The man, an Arab Israeli, said his tires had been punctured and that a star of David had been painted on his car while it was parked in the industrial area of the Israeli city of Yokne’am, in the Lower Galilee.

Police were investigating the allegations.

Earlier Sunday, Foreign Minister Avigdor Liberman decried the recent wave of price tag attacks, saying they harmed Israel, especially its nationalist camp.

“The irresponsible people doing this, they are the same one who attack IDF soldiers and officers who risk their lives to defend the State of Israel,” he added, according to Ynet.

Liberman also criticized Arab MKs who “jumped on this issue and inflated it in order to incite against the state of Israel.”

“Price tag” is a term used to describe acts of vandalism and violence associated with the settler movement in retaliation for Palestinian attacks and to protest what they perceive as the Israeli government’s pro-Palestinian policies. Mosques, churches, dovish Israeli groups and even Israeli military bases have been targeted in such assaults.

The foreign minister’s comments come after unidentified assailants on Friday vandalized a mosque in the northern town of Umm al-Fahm, torching the front door of the house of worship and spray-painting a racist invective on its wall.

“Arabs out” was written on the wall of the Araq al-Shabab mosque in what was described in the Israeli media as a suspected price tag attack. The fire lit under the door caused light damage to the building.

Hundreds of worshippers from Umm al-Fahm arrived at the mosque for Friday prayers and found the graffiti. They notified the police, who arrived at the scene. Local police launched an investigation into the attack, the fourth of its kind in northern Israel in the past month, Channel 10 reported.

Friday morning’s attack was the latest in a rash of vandalism and violence targeting Arabs in Israel and the West Bank. Earlier this month, dozens of tires were slashed on at least 15 cars in the Arab village of Jish in the Upper Galilee, and graffiti was scrawled on a wall, reading, “Only non-Jews [should be] removed from our land.”

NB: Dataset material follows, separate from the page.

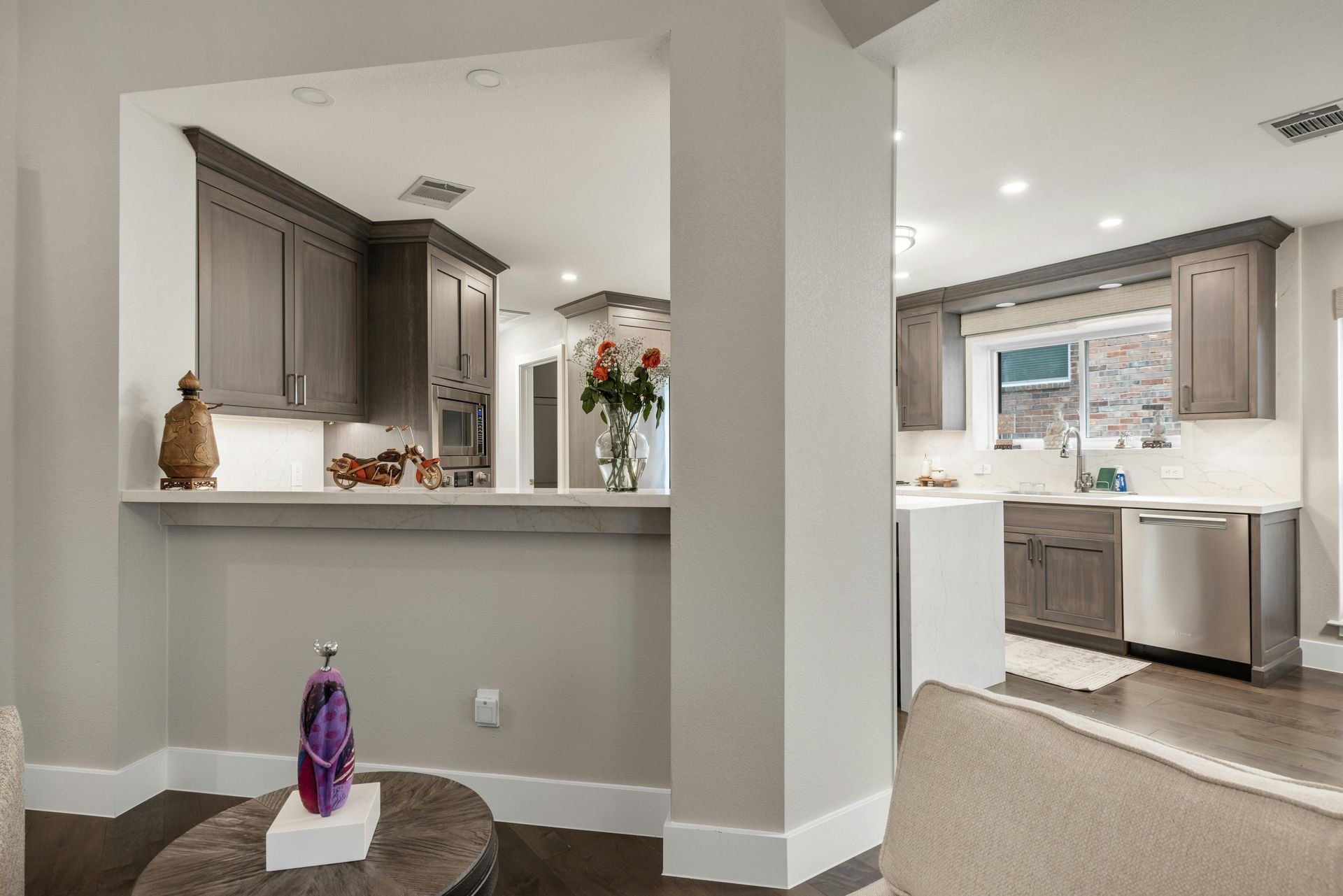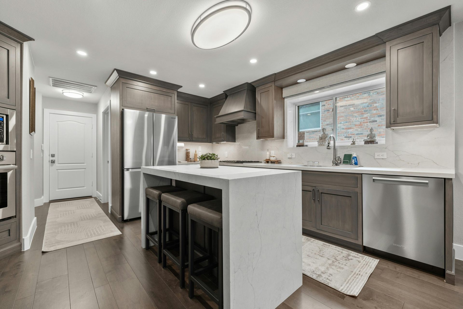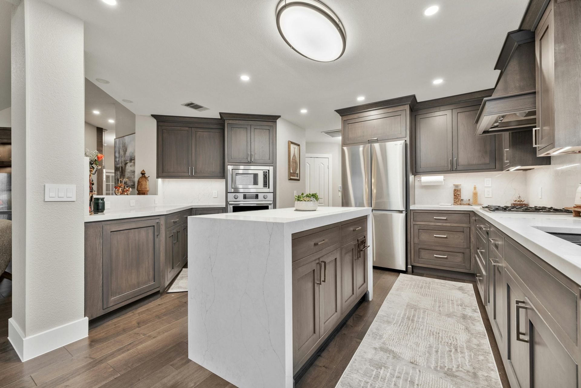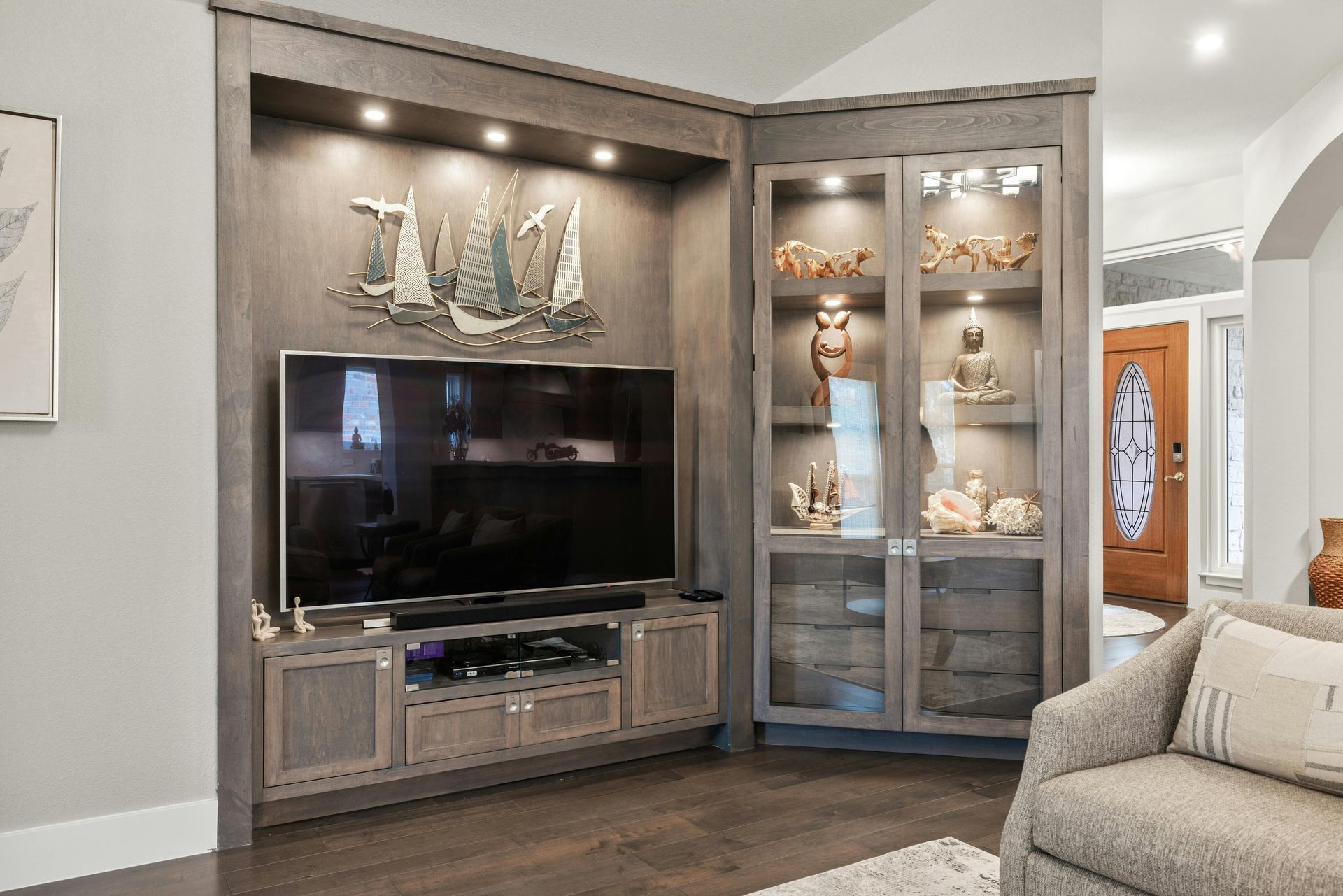 Austin, TX, 78726 - These Austin homeowners had been waiting a long time to select a provider for their whole home remodel, wanting to have some very specific details for their new home, focusing on removing awkward angles from the living room ceiling, and custom porcelain slab and carpentry work for the fireplace, living room, and home entry, and other updates. And it came out stunning!

In March, a monastery near Beit Shemesh was defaced with graffiti and nearby vehicles were vandalized; attackers attempted to set fire to an Arab-owned shop in Jerusalem and damaged nearby cars; the tires of 34 cars were slashed and racist graffiti was scrawled on a bus parked in the northeastern Jerusalem Arab neighborhood of Beit Hanina; and 19 cars were vandalized in the predominantly Arab Israeli town of Jaljulia, among other incidents.

Times of Israel staff contributed to this report.